The masses of people do not want war. Before a war they hope for peace and demand peace. Then the government goes into action with its propaganda machinery. The press, radio, schools, and pulpit are brought into action like batteries of artillery to break down the people's resistance against war. War sentiment is deliberately manufactured. It is an artificial product. In time it cries out for war and the government goes to war with the backing of the people who seem unconscious of the program they are destined to sponsor.

Crimes which individuals dare not commit; wholesale and deliberate murder of men, women, and children; lying, arson, rape, plunder, torture, and bestialities which brutes would not inflict, are all promoted by the agencies of war. With war comes the enrichment of the avaricious; political corruption; and the loading of the nation with a new crop of militarists to proclaim the glories of war, to influence politics, and to seek preferment before other citizens.

Finally comes the bill to be paid, a burden upon the people for all time. It increases the cost of necessities; it makes inaccessible to generations yet unborn the things essential to life; it kills with its depressed standard of living its millions who, in their ignorance, bless with their dying breath the agencies of their undoing. Behind war always stands the sinister figure of its maker, a political government, guilty before the eyes of justice.

War is preventable. If nations refused to go to war there would be no war. Thus, there would have been no Japanese- Chinese war in 1939 had the Chinese refused to fight. Had Greece yielded to Italy, war between the two countries would have been prevented. Those countries which did not resist nazi invasion avoided war. This means dominance by the brutal and strong. Would it be better in the end to yield to force, with the hope of subsequent slow and evolutionary victory of reason and justice? This is more than an academic question for there are instances in history where virtue ultimately triumphed over violence. Impatience of men and the natural tendency to resist wicked might by might result in the clash of forces. It has been said that vice goes out to make war and virtue gives battle in defense; without virtue there would be no war. There would be masters and slaves. This is hardly true, for vice would fight with vice, the more vicious picking the quarrel and the less vicious offering defense and so on ad infinitum. The problem is to be solved by removing the vices that cause attack.

Peace with justice is guaranteed only when no nation attacks another. Peace demands conditions in which no nation can be impelled to be the aggressor in violence. This can be brought about only by removing the causes of such attack.

Many virtues of any government would be required to compensate for its wars. Among the evil consequences are distortions of history and the resultant misinformation of the public as to the real nature of wars in which nations have engaged. A succession of generations grows up in ignorance of sins of their governments.

War does not end war. In 1950, the fifth year after World War II, more than twice the number of men throughout the world were under arms than in 1937; and forty leading nations were spending 10 billion dollars a year more on armaments than before the War. This was despite disappearance of Germany, Italy, and Japan as military powers. These figures fall short of the facts because military expenditures are concealed. A large amount of military preparation goes on in research and construction in secret fields, in atomic bombs, bacteriological warfare, air planes, radar, guided missiles, and new weapons.
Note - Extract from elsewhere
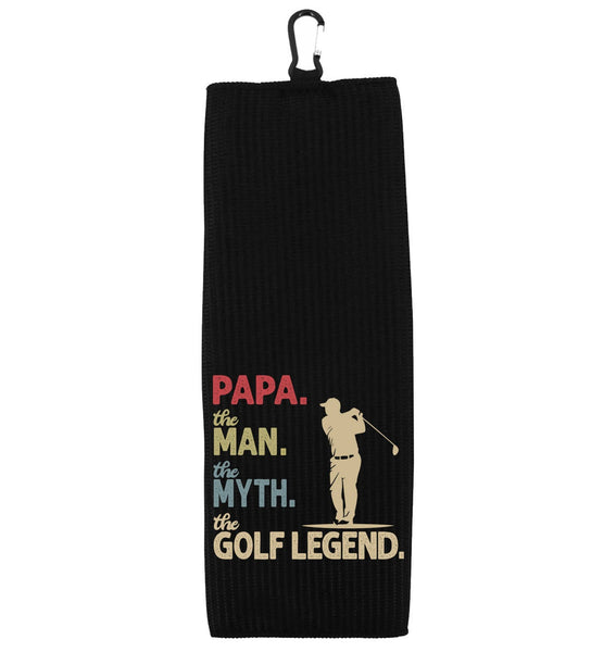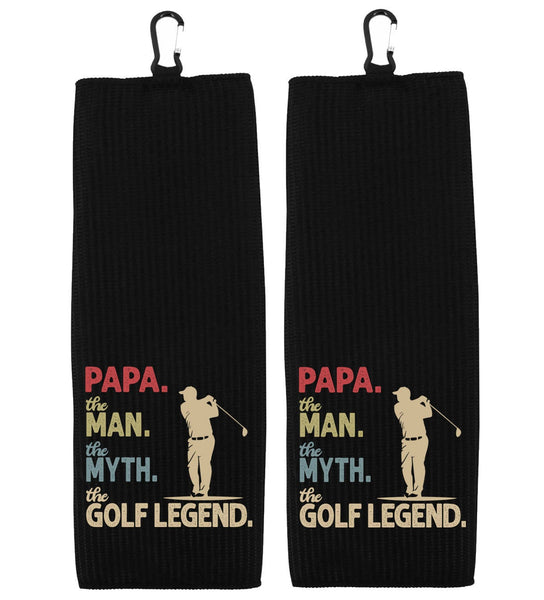 Papa the Man the Myth the Golf Legend 100% Microfiber Waffle Weave Golf Towel is more than just a towel – it's a heartfelt tribute to the best Papa out on the green! Hand printed with love in our California workshop using an eco-friendly and non-toxic dye process, this towel is the ideal accessory for grandpas or dads called Papa who enjoy spending time on the golf course. Made from premium quality microfiber, this golf towel offers superior absorbency and durability. It's soft to the touch, ensuring a gentle yet effective cleaning experience for golf clubs, balls, and hands. It is generously sized to provide ample coverage, measuring 17 x 17 inches. It features a strong yet lightweight construction, making it easy to carry around the course without weighing down Papa's golf bag. The silver carabiner clip allows for convenient storage and quick access when needed. This towel will not only keep Papa's golf gear clean and dry but will also serves as a constant reminder of the love and appreciation his family holds for him. It's a thoughtful and practical gift that will undoubtedly bring a smile to his face every time he steps onto the fairway.• 17" x 17"

War is the stultifying phenomenon of history. Egypt, Persia, India, and the rest of the seats of the beginning of man were full of wars. The Jews, as recorded in the Old Testament, lived in a catalog of wars. Religious cults fought religious cults until reason conquered and people took their dogmas less seriously. Christians and Mohammedans fought bloody wars for 637 years (634-1271). Between 1096 and 1270 seven armies of Christian crusaders marched across Europe to attack the Saracens. Then came a hundred years of war between Catholics and Protestants (1522-1622). The Thirty Years War (1618-1648) began as a religious war.

War has been pretty constant during the Christian Era. Between 1480 and 1941 the leading nations were engaged in wars much of the time: Great Britain, in 78 wars; France, 71; Spain, 64; Russia, 61; Austria, 52; Turkey, 43; Sweden, 26; Italy, 25; Holland, 23; Germany, 23; Denmark, 20; China, 11; and Japan, 9. (Study of War by Quincy Wright) Professor Wright credits the United States of America with 13 wars, but War Department records show 110 wars fought against the Indian nations alone.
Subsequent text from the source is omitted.